### WORK INSTRUCTIONS
Exactly how many lines in this listing contain "campamentos"? Only the number is needed.

######

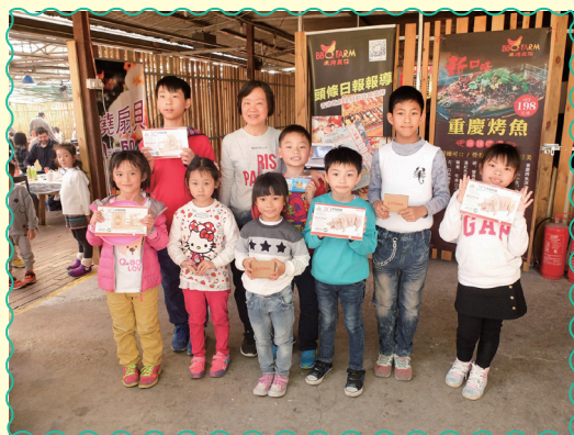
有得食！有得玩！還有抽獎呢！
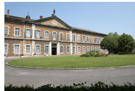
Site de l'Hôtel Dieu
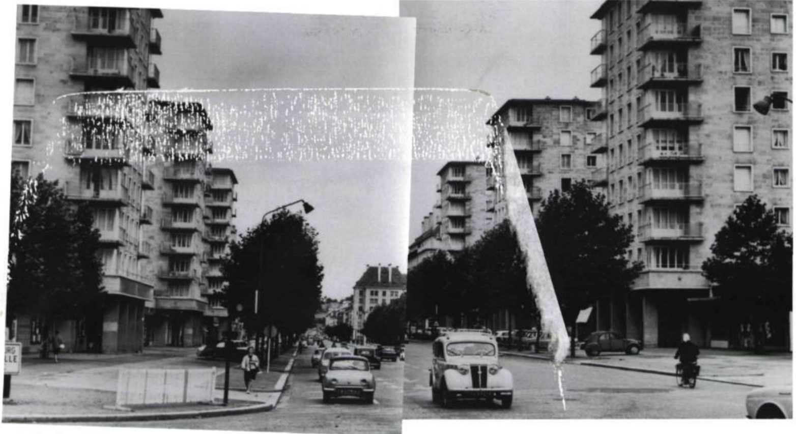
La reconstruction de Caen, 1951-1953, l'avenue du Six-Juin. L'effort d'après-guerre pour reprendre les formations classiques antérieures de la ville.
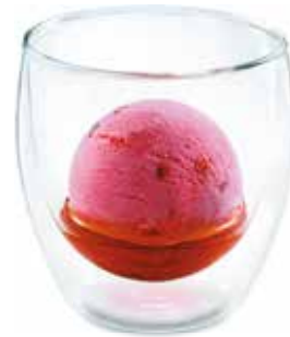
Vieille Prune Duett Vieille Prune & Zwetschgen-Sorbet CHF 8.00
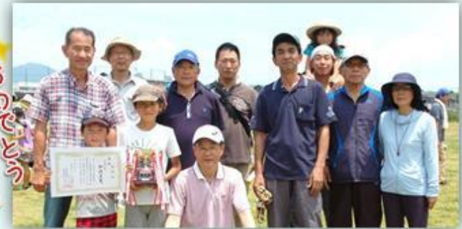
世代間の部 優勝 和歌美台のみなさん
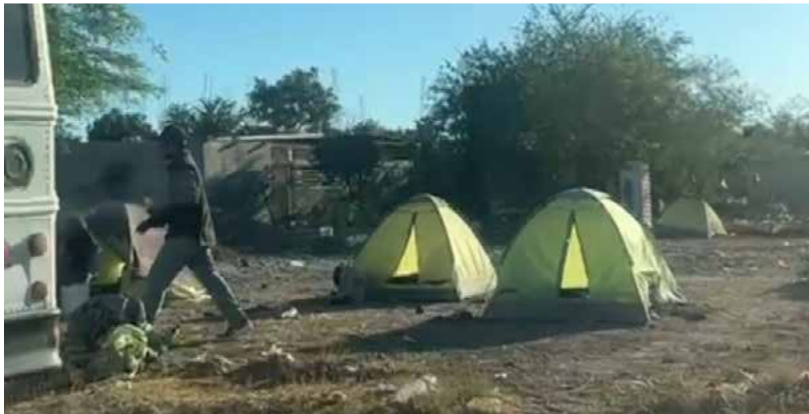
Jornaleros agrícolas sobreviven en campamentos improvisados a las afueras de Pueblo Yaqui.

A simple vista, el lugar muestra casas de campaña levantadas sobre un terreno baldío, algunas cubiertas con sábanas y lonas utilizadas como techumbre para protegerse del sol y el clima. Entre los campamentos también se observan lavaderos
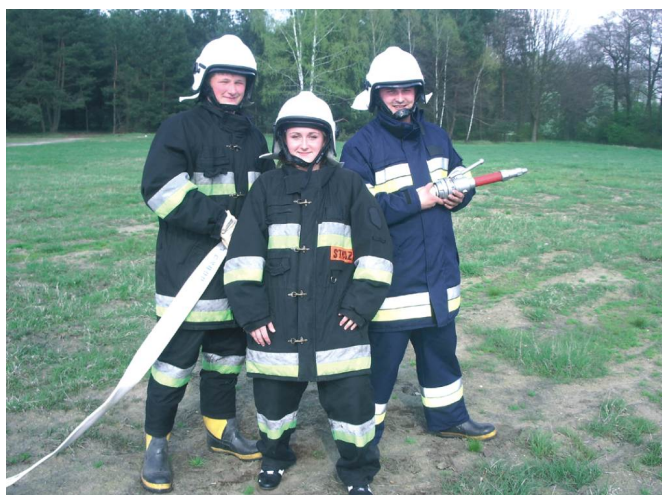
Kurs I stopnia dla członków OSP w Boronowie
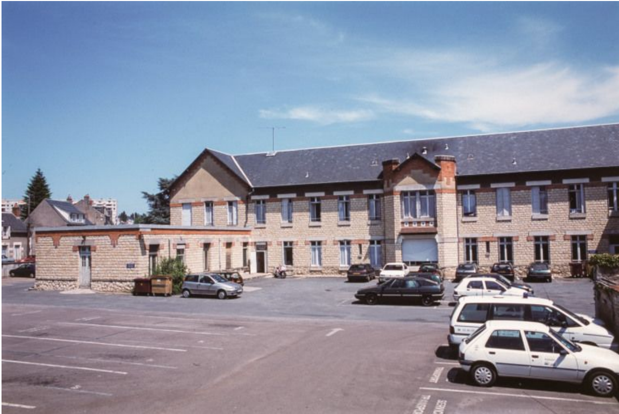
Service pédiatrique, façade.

######

### ANSWER BOX
2